此外,可用的人工智能还应当是公平的。完全遵循理性的机器应该是公正的,没有人类的情绪化、偏见等弱点。但机器的公正并不是想当然存在的。最近发生的事件,如微软开发的聊天机器人使用粗俗语言等,表明当给人工智能“喂养”了不准确、过时、不完整或有偏见的数据时,机器也会犯和人类一样错误。对此,必须强调“经由设计的伦理”(ethics by design)理念,也就是在人工智能的开发过程中就要仔细识别、解决和消除偏见。可喜的是,政府部门和互联网行业组织等已经在制定解决算法偏见和歧视的指导方针和原则。像谷歌和微软这样的大型科技公司也已经建立了自己的内部伦理委员会来指导其人工智能研究。

其次是可靠(reliable)。人工智能的应用如机器人等已进入普通家庭,我们需要这些人工智能是安全的、可靠的,能够抵御网络攻击和其他事故。以自动驾驶汽车为例,腾讯目前正在开发3级自动驾驶系统,并已获得在深圳市进行道路测试的许可。而在获得道路测试许可前,我们的自动驾驶汽车已在封闭场地进行了累计超过一千公里的测试。但由于相关的认证标准和法律规定仍有待确定,目前道路上还没有投入商用的真正的自动驾驶汽车。

此外,人工智能的可靠性还应当确保数字安全、物理安全和政治安全,尤其是对用户隐私的保护。由于人工智能研发需要收集个人数据以训练其人工智能系统,研发者在这一过程中应当遵守隐私要求,通过一定的设计保护用户的隐私,并防止数据滥用。

再次是可知(comprehensible)。深度学习等人工智能方法的流行,使得底层的技术细节越发隐秘,可谓隐藏在一个“黑盒”当中。深度神经网络的输入和输出之间还有很多隐藏层,这使得研发人员都可能难以理解其系统。因此,当人工智能算法导致车祸时,调查其技术原因可能需要花费数年时间。

幸运的是,AI行业已经开始对可理解的AI模型进行研究。算法透明是实现可理解人工智能的一种方式。虽然用户可能不大关心产品背后的算法,但监管机构需要深入了解技术细节以便进行监督。无论如何,就AI系统直接作出或辅助做出的决策,向用户提供易于理解的信息和解释,都是值得鼓励的。

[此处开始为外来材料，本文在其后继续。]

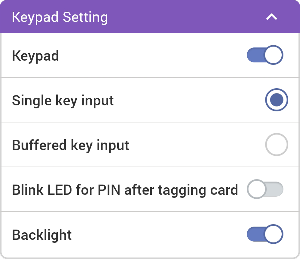 Keypad: You can set whether to use the keypad. When the keypad is activated, you can authenticate by entering the card ID using the keypad.

为了建立可知的人工智能,应该保证和鼓励公众参与和个人权利的行使。人工智能开发不应只是企业的秘密行为。作为最终用户的公众可以提供有价值的反馈,有权质疑可能造成伤害或难堪的机器决策,这将有助于开发更高质量的人工智能。

此外,可知的人工智能要求企业提供必要的信息,也即科技公司应当向其用户提供有关AI系统的目的、功能、限制和影响的足够信息。

最后但同样重要的原则——可控(controllable)——以确保人类始终处于主导地位。从数千年前的文明曙光乍现,到今时今日的技术腾飞,人类始终控制着自己的造物。AI或是任何其他技术都不应当成为例外。只有确保机器的可控性,人类才能在机器出差错、损害人类利益时,及时阻止事态恶化。只有严格遵循可控原则,我们才能避免霍金和马斯克等名人所描绘的科幻式的噩梦。

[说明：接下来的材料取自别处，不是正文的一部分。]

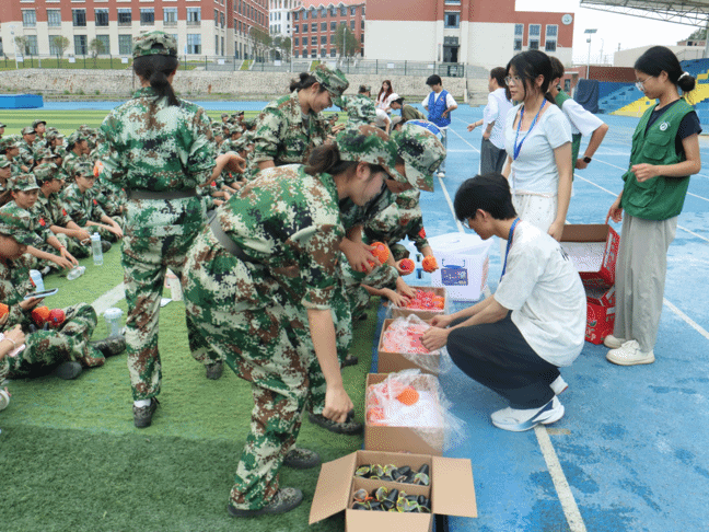 慰问期间,卓玮副书记还与学生干部一同为新生送上龟苓膏、水果等消暑慰问品。慰问活动不仅缓解了训练带来的疲惫,更传递了学院对同学们的关怀,让同学们在紧张的军事训练中感受到了管院大家庭的温暖。
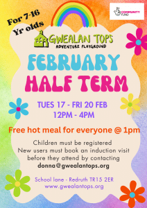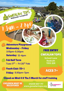 If you have not been to the playground before you need to arrange your first visit via email to manager@gwealantops.org

每一次创新都会带来风险。但是,我们不应该让这些担忧和恐惧阻止我们通过新技术迈向更好的未来。我们应该做的是确保AI的好处远远超过潜在的风险,制定并采取适当的预防措施,以防范潜在的风险。

就目前而言,人们还不信任人工智能。我们经常能看到批评自动驾驶汽车不安全、过滤系统不公平、推荐算法限制选择、定价机器人导致更高价格的声音。这种根深蒂固的怀疑来源于信息的匮乏,我们大多数人要么不关心,要么没有足够的知识来理解人工智能。对此我们应该如何行动?

我的提议是,以伦理原则为起点,建立一套规则体系,以帮助人工智能开发人员及其产品赢得公众的信任。

规则体系的最左端,是软法性质的规则,包括非强制性的社会习惯、伦理标准和自我行为规范等,以及我所说的伦理原则。国际上,谷歌、微软和其他一些大公司都已经提出了它们的AI原则,且阿西洛马人工智能原则和IEEE的AI伦理项目都得到了很高评价。

随着规则体系的坐标右移,我们有强制性的规则,例如标准和法律规范。我们今年发布了一份关于自动驾驶汽车的政策研究报告,发现目前许多国家正在研究制定鼓励和规范自动驾驶汽车的法律规则。可以预见未来各国也将制定关于人工智能的新法律。

随着规则体系的坐标继续右移,我们可以通过刑法惩罚恶意使用人工智能的行为。而在规则体系的最右端,则是具有最大约束范围的国际法。一些国际学者正在积极推动联合国提出关于禁止使用致命自动化武器的公约,就像禁止或限制使用某些常规武器的公约一样。

其实无论是核技术还是人工智能,技术本身是中性的,既非善也非恶。赋予技术价值并使它们变得美好是我们人类的责任。

我的发言到此为止,感谢聆听!

—— 以下为英文版 ——

Towards an Ethical Framework for Artificial Intelligence

Jason Si

Thank you, Professor Vogl, for the warm introduction. Thank you, Angel, for this interesting piece about lethal autonomous weapons.

It is good to know someone had carefully considered the possibility of man-made machines to go against their creators. For sure, Isaac Asimov's "Three Laws of Robotics" could no longer apply here. We need something serious and more specific to guard our limitless ambitions, and to guard humanity.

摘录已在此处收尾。